Hello, JavaScript developers! Welcome to this week's JavaScript news! This week we will focus on: Oracle's trademark dispute with Deno, new JavaScript time objects are supported by browsers, Google Chrome updates, and some powerful developer tools. Let's get started! Oracle's trademark dispute with Deno Oracle's attempt to register a "JavaScript" trademark has caused controversy. Ryan Dahl, the creator of Node.js and Deno, has filed a petition to cancel the trademark, and he believes that JavaScript is an open standard and should not be used by Oracle

CacheAPI is a tool provided by the browser to cache network requests, which is often used in conjunction with ServiceWorker to improve website performance and offline experience. 1. It allows developers to manually store resources such as scripts, style sheets, pictures, etc.; 2. It can match cache responses according to requests; 3. It supports deleting specific caches or clearing the entire cache; 4. It can implement cache priority or network priority strategies through ServiceWorker listening to fetch events; 5. It is often used for offline support, speed up repeated access speed, preloading key resources and background update content; 6. When using it, you need to pay attention to cache version control, storage restrictions and the difference from HTTP caching mechanism.

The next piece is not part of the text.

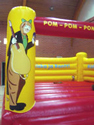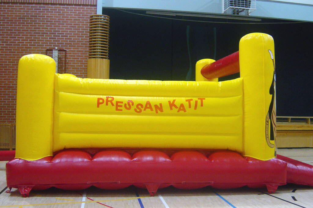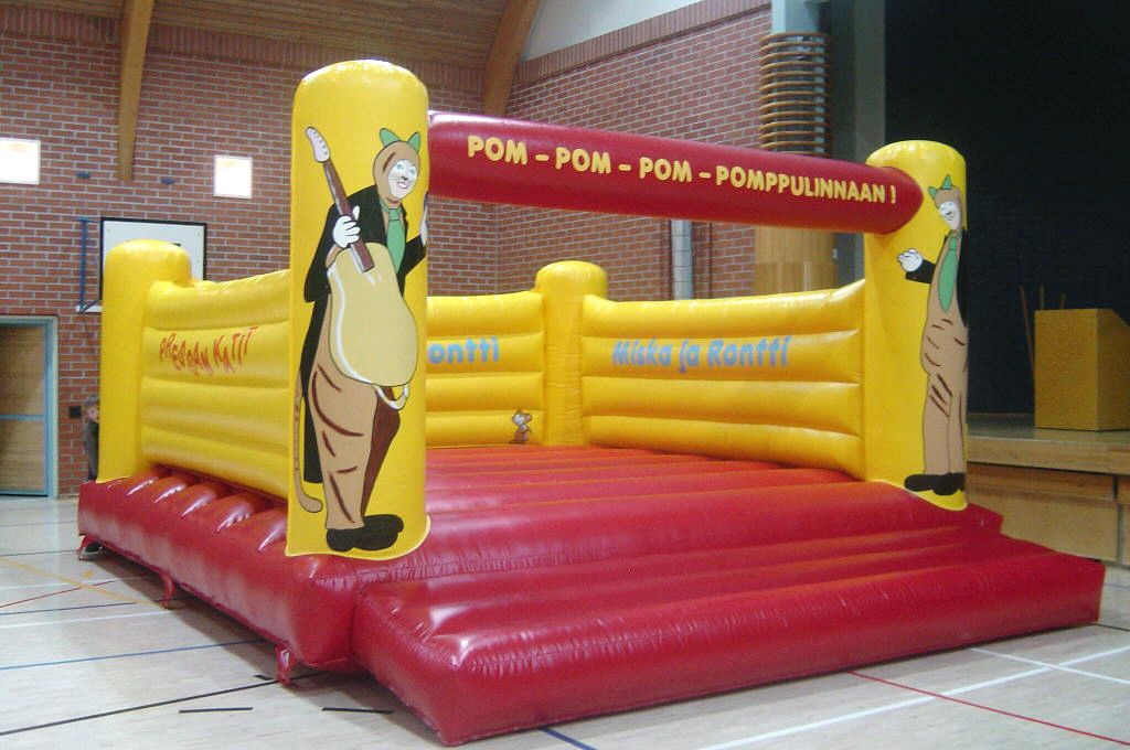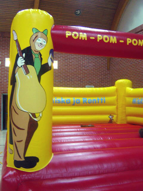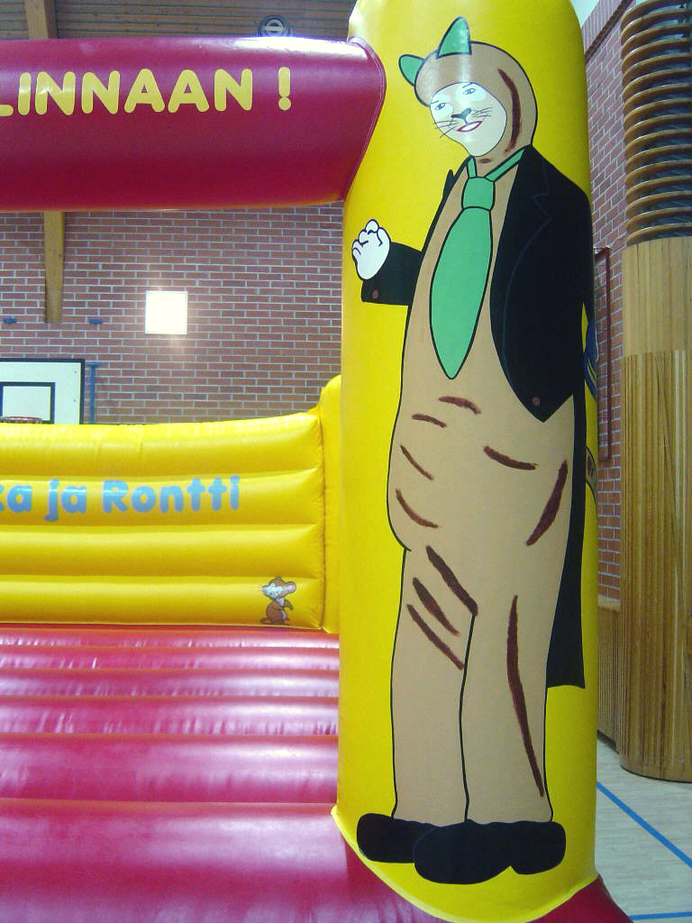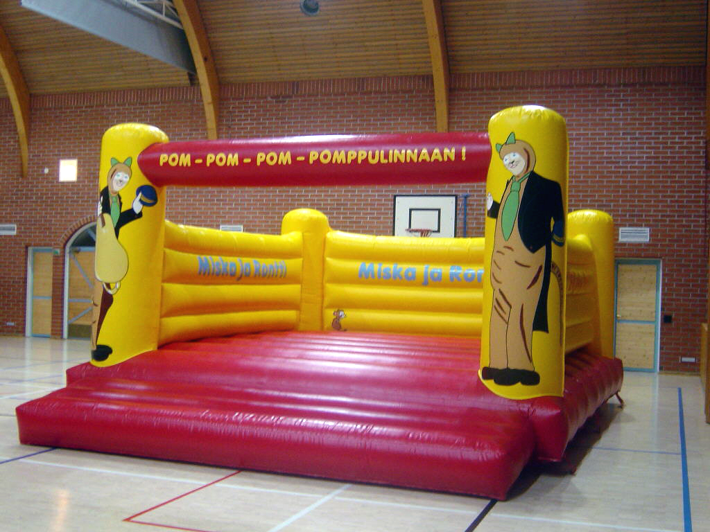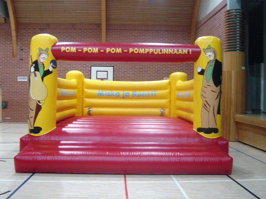 Sivuilla on Pressan Katit -tekstit! Linnan sisällä Miska ja Rontti-tekstit! Miska ja Rontti juhlistavat pomppulinnaan etutolpissa! Ilmantäyttökone pumppaa linnaan jatkuvasti uutta joustavaa ilmaa!

Promise is the core mechanism for handling asynchronous operations in JavaScript. Understanding chain calls, error handling and combiners is the key to mastering their applications. 1. The chain call returns a new Promise through .then() to realize asynchronous process concatenation. Each .then() receives the previous result and can return a value or a Promise; 2. Error handling should use .catch() to catch exceptions to avoid silent failures, and can return the default value in catch to continue the process; 3. Combinators such as Promise.all() (successfully successful only after all success), Promise.race() (the first completion is returned) and Promise.allSettled() (waiting for all completions)

JavaScript array built-in methods such as .map(), .filter() and .reduce() can simplify data processing; 1) .map() is used to convert elements one to one to generate new arrays; 2) .filter() is used to filter elements by condition; 3) .reduce() is used to aggregate data as a single value; misuse should be avoided when used, resulting in side effects or performance problems.

JavaScript's event loop manages asynchronous operations by coordinating call stacks, WebAPIs, and task queues. 1. The call stack executes synchronous code, and when encountering asynchronous tasks, it is handed over to WebAPI for processing; 2. After the WebAPI completes the task in the background, it puts the callback into the corresponding queue (macro task or micro task); 3. The event loop checks whether the call stack is empty. If it is empty, the callback is taken out from the queue and pushed into the call stack for execution; 4. Micro tasks (such as Promise.then) take precedence over macro tasks (such as setTimeout); 5. Understanding the event loop helps to avoid blocking the main thread and optimize the code execution order.

Event bubbles propagate from the target element outward to the ancestor node, while event capture propagates from the outer layer inward to the target element. 1. Event bubbles: After clicking the child element, the event triggers the listener of the parent element upwards in turn. For example, after clicking the button, it outputs Childclicked first, and then Parentclicked. 2. Event capture: Set the third parameter to true, so that the listener is executed in the capture stage, such as triggering the capture listener of the parent element before clicking the button. 3. Practical uses include unified management of child element events, interception preprocessing and performance optimization. 4. The DOM event stream is divided into three stages: capture, target and bubble, and the default listener is executed in the bubble stage.